Tips for ABX Tests

Gregadd · Oct 6, 2013

To be a quack you have to be practicing some profession. Just curious .What profession am I a quack in? What friend are you talking about?
Don't answer that I am not interested in trading insults. Please feel free to continue alone. It says more about you than it does me.

You feel your reputation has been injured? I don't even know who you are.
Let me afford you this opportunity on behalf of the members to tell us who you are. I do know a guy named j.j. set up some sort of AB test with a broken amp and appeared with Ethan in a video. Is that you?

Maybe you can tell us your real name, degrees if any, publications, whether produced any audio products,etc. if you have already done it somewhere maybe you could give me a link. Right now you are just a guy trying to shout me down.

Gregadd · Oct 6, 2013

amirm said:
Greg, the scientific community has firmly established what it believes in and what it doesn't. You have no prayer of changing their stand by arguing in a forum. It simply is the case that sighted results won't be trusted whatsoever. It is not JJ that is saying that. It is not a couple of people who are saying that. It is the entire community that works under the auspicious of *audio science*. The best course of action to say that you disagree and move on. You are not going to remotely get close to any reasoning that would change any person in that community.
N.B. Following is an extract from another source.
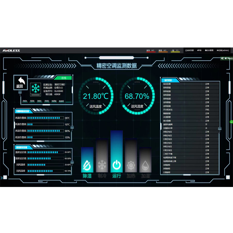 安德力士機(jī)房動(dòng)力環(huán)境集中監(jiān)控管理系統(tǒng),系統(tǒng)人機(jī)界面設(shè)計(jì)友好,塊化設(shè)計(jì),安裝使用簡單,提供北向接口,支持對(duì)接其他系統(tǒng)軟件平臺(tái)。以形象直觀的圖形界面方式實(shí)時(shí)顯示所轄范圍內(nèi)各對(duì)象的工作狀態(tài)和運(yùn)行參數(shù);子系統(tǒng)具備兼容性,支持眾多廠家的智能設(shè)備;具備擴(kuò)展性,提供二次開發(fā)接口,方便第三方軟件系統(tǒng)集成。具有報(bào)表管理功能,可以通過EXCEL表格對(duì)溫濕度記錄以及各種報(bào)警數(shù)據(jù)進(jìn)行統(tǒng)計(jì)。

And if you are trying to convince people in your own camp, well, they don't need any convincing because they are already in your camp!

To the extent that you accurately characterize what I am trying to do here you are correct. The goal of a test is to judge sound and nothing else. Could it be that the reason we obtain so many inclusive results in ABX is because the test itself is a significant factor? For example How is it that a guy who knows as much about digital as you could not rank the copies of digital in Ethan's test? Clearly you knew what to look for. Opus 211 knew what to look for and was able to do it easily.
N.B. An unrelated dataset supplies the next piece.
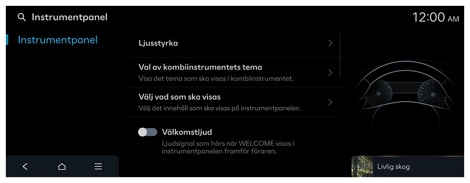 - På hemskärmen trycker du på Inställningar ► Instrumentpanel.

Phelonious Ponk · Oct 6, 2013

Gregadd said:
To the extent that you accurately characterize what I am trying to do here you are correct. The goal of a test is to judge sound and nothing else. Could it be that the reason we obtain so many inclusive results in ABX is because the test itself is a significant factor? For example How is it that a guy who knows as much about digital as you could not rank the copies of digital in Ethan's test? Clearly you knew what to look for. Opus 211 knew what to look for and was able to do it easily.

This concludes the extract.